A FORMER soldier has recalled how he battled sea sickness and sub-zero temperatures in the Korean War — as he was honoured for his service more than 60 years on.
Veteran Frank Glossop was presented with the Korean Peace Medal by the Mayor of Rotherham, Cllr Alan Buckley, in a ceremony at the town hall.
He was accompanied by his brothers Colin Glossop and Harold Glossop, who also served in the Armed Forces.
Mr Glossop, who served as a signalman in the Royal Corps of Signals during his two years national service, told how he was posted to Korea following basic training at Catterick.
“It took about four weeks to get there,” he said. “We had really bad weather and most of us were seasick.
“When we arrived in Korea on the troop ship Empire Pride, we were sent to various camps. Our job was to send and receive messages to all units.
“After being there a few months, the really bad weather came, bringing bad snows and sub-zero temperatures.
“We only had a greatcoat to keep out the extreme conditions.”
Salvation arrived in the form of parkers, which were lined with fur, and declared by Mr Glossop as “very good”.

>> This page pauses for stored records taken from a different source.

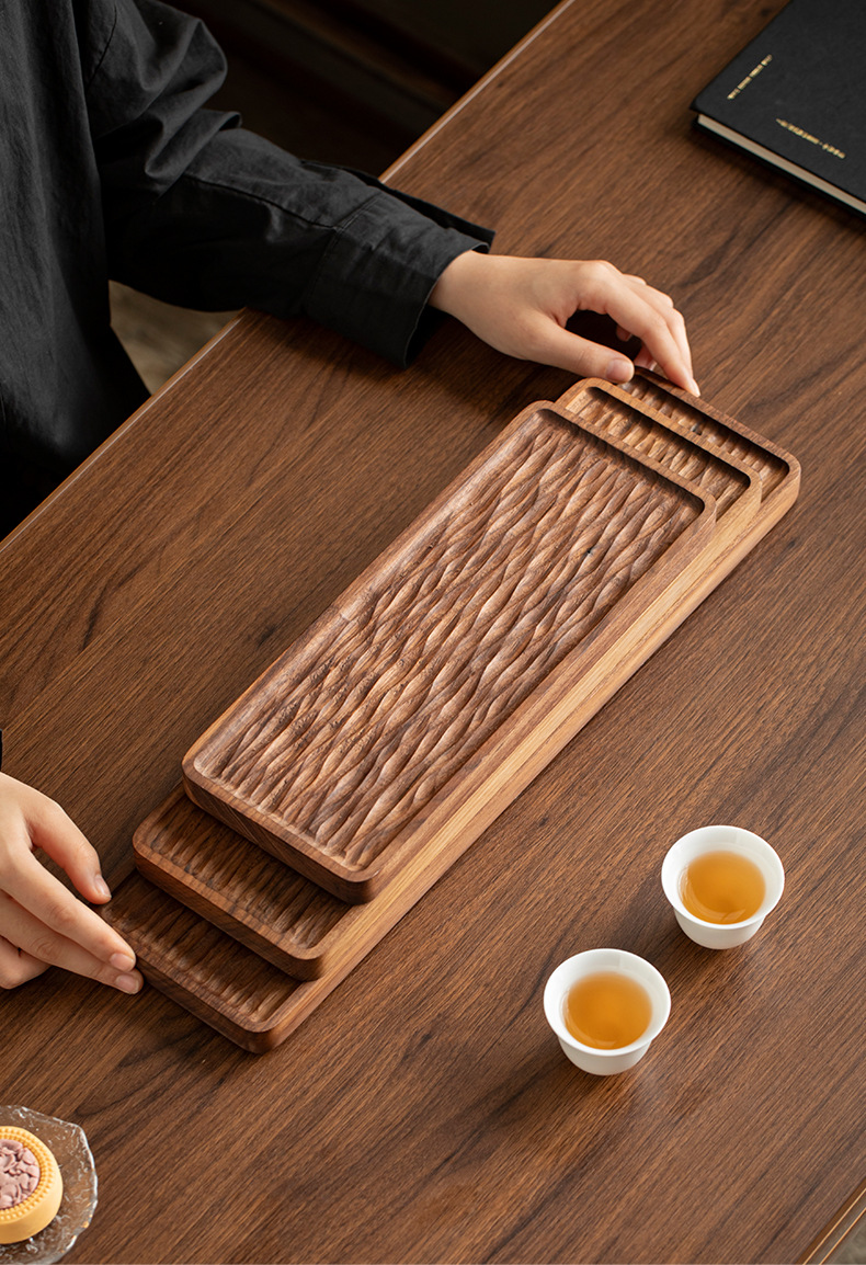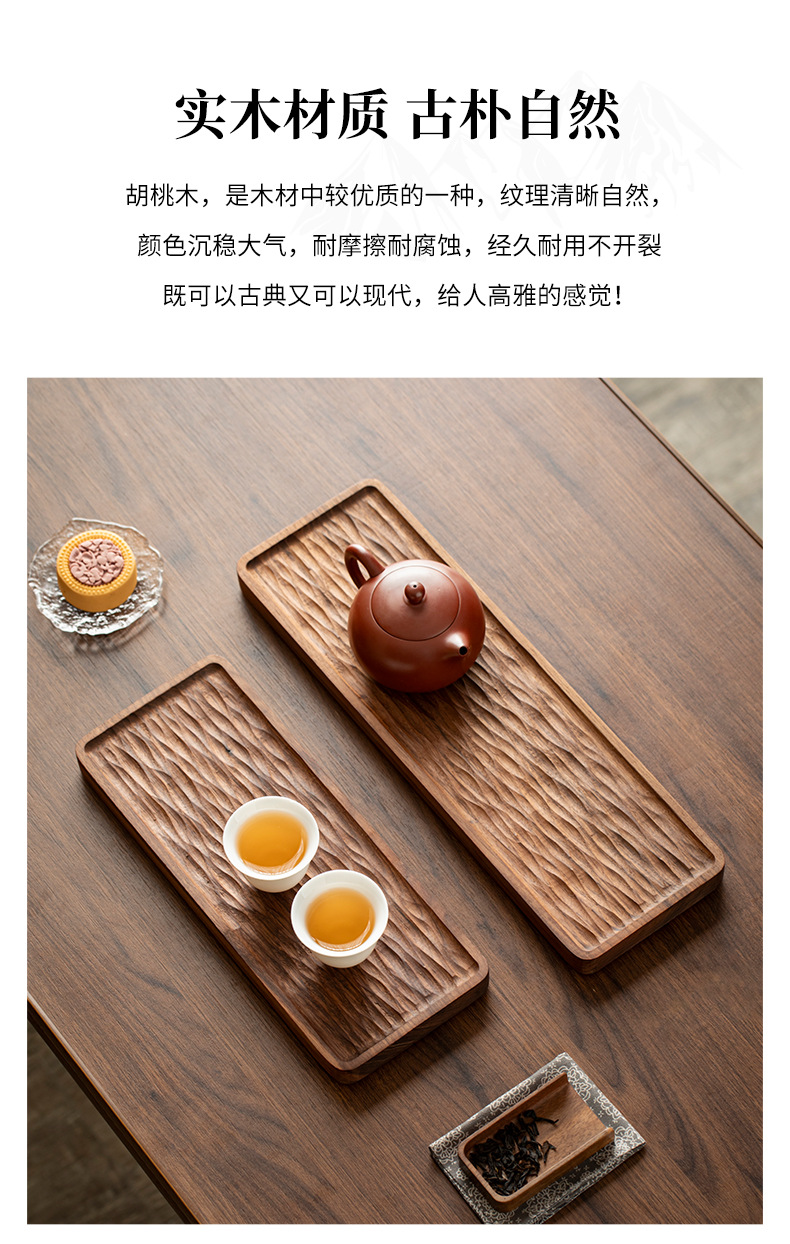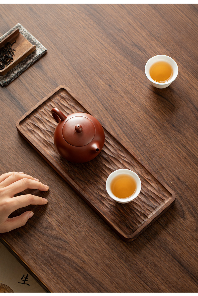 - Khay trà gỗ nguyên khối kiểu Trung Quốc, khay pha khô kiểu Nhật đơn giản, bàn trà nhỏ, bộ trà Kung Fu hiện đại gỗ óc chó đen
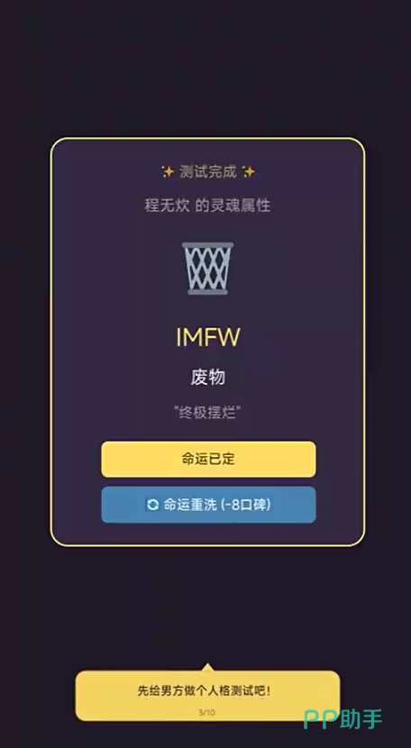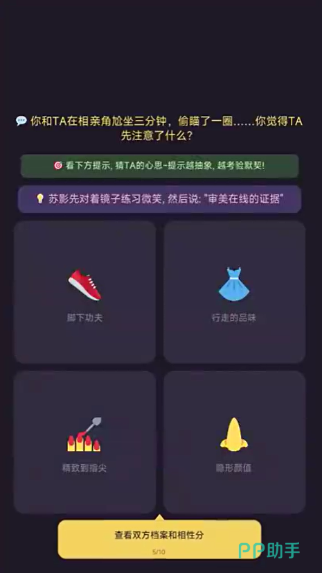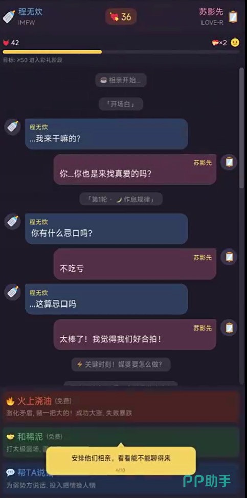 开局阶段,系统会开放角色档案库。每份档案包含基础信息(如职业、年龄、兴趣)、语言特征(口头禅、常用句式)、行为轨迹(健身打卡记录、社交平台发言倾向)以及关键隐藏属性(例如“表情包依赖指数”“线下社交启动阈值”)。配对时,系统实时生成相性分——该数值为0–100区间量化指标,反映初始适配潜力,但并非决定性依据。高分组合未必稳定,低分组合亦可能因特定事件触发情感跃迁,考验玩家对人物内核的把握能力。
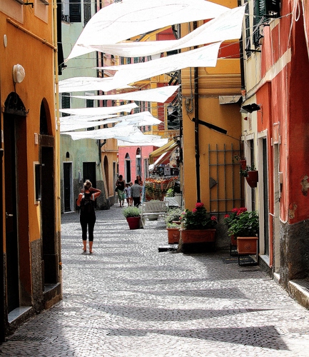 Tag: strada, vicolo, vasi, ombre, fiori, teli, porte, ombra, tende, passanti, bianco.
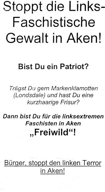 In der sachsen-anhaltinischen Kleinstadt, werden in einem Neubaugebiet mehrere hundert Flugblätter der neonazistischen "Kameradschaft Köthen" in Briefkästen verteilt. Auf den Pamphleten wird vor einer vermeintlichen "linksfaschistische Gewalt" in Aken gewarnt. Die Rechtsextremisten spielen damit offensichtlich auf die relativ starke Alternative Szene vor Ort an. Darüber hinaus werden auf der Rückseite des Flugblattes mit der Parole "Mein Großvater war Patriot! Ich bin es auch!" die Verbrechen der Deutschen Wehrmacht geleugnet. Die "Kameradschaft Köthen" gilt als eine der aktivsten Neonaziorganisationen im gesamten Bundesland.
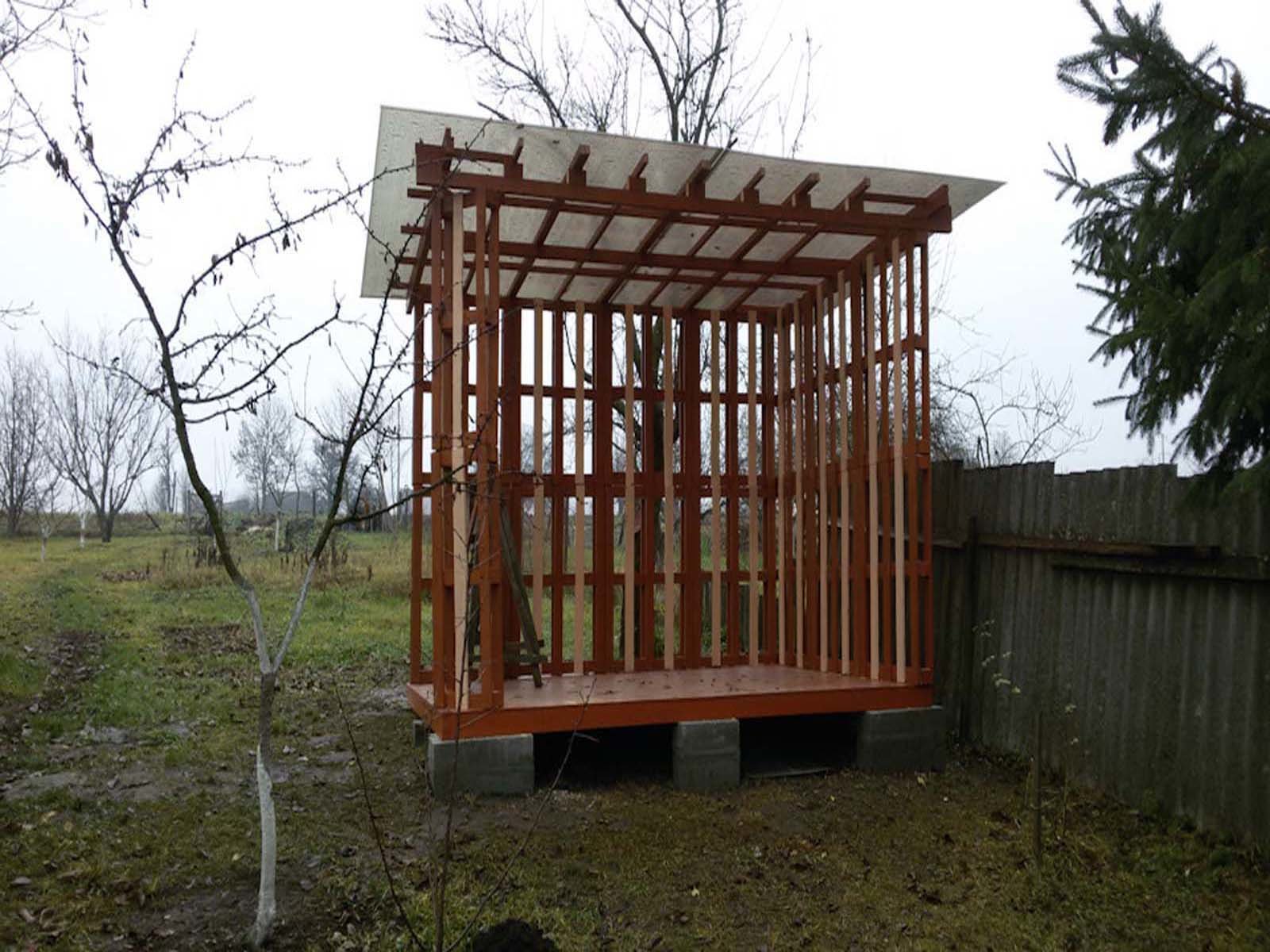 - Фиксируют конструкцию для крыши: ее вид зависит от выбранной модели. Это, как правило, обычная односкатная крыши. В этом случае опорные столбы имеют разную высоту.
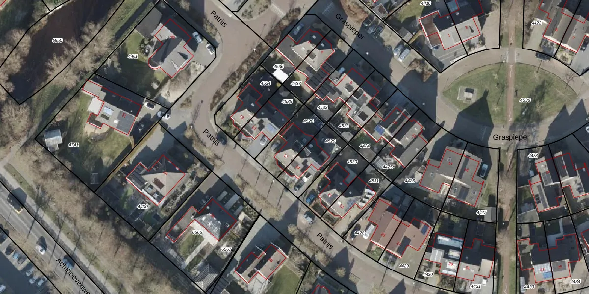 Het perceel waarop Patrijs 17 staat heeft een oppervlakte van 252 m². Dit is een middelgroot perceel. De perceeloppervlakte wordt geregistreerd door het Kadaster. Gedetailleerde informatie over de maten van dit perceel kunt u vinden in het rapport Kadastrale kaart met maatvoering van Patrijs 17.

The signalman was later posted to a new position where he was responsible for servicing weapons and said the real heroes were the soldiers who held hill positions in the face of hundreds of enemy troops.
Mr Glossop highlighted the heroics of Bill Speakman, who hurled rocks at the enemy after he ran out of ammunition.
He recalled his relief on finally heading home from Korea: “When we were ready to sail away from the docks, an American brass band started to play Will Ye No Come Back Again?
“I can safely say the sky turned blue with the language that was uttered!”